Azel mendesis. "Hih, sok tahu!"
Darian tertawa melihat Azel yang masih terus memasang tampang sok menggurui. Seperti guru tengah menceramahi muridnya yang berbuat salah. Melihat itu, sontak membuat Darian tak henti mengulum senyum.
Andai saja kehidupannya sama seperti mereka. Andai saja dia memiliki apa yang mereka miliki.
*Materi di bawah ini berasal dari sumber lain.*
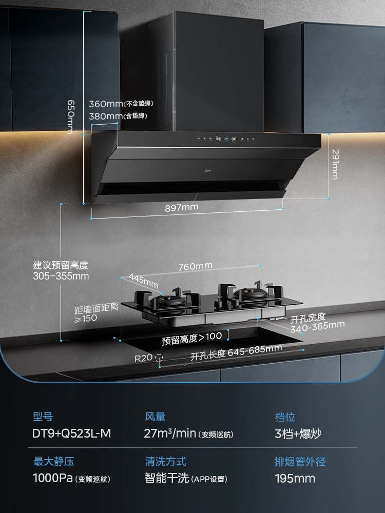 Midea DT9 с капюшоном набор для блюд с подъемом вытяжки на кухнях.

Andai saja semesta ini mau mengerti. Betapa dia menginginkan semua keadilan terjadi. Tapi, begitu matanya kembali pada realita, canda tawa itu seperti omong kosong belaka. Mana ada kebahagiaan di hidupnya jika di setiap bangun tidurnya selalu ada kebencian yang terus menggerogot. Membunuhnya perlahan dan tak pernah pergi.
"Dan! Dan!" Finza melambaikan tangannya ke depan. "Halo? Sayang?"
Pada detik ketiga kesadaran Darian telah kembali. Dia mengerjap dan menoleh bingung. Dahinya mengernyit heran.
"Tuh, kan, kamu ngelamun lagi!" Finza berdecak. "Jangan bengong terus. Nanti ada lalat masuk, loh."
Darian terkekeh. "Aku nggak ngelamun. Lagi mikirin sesuatu aja."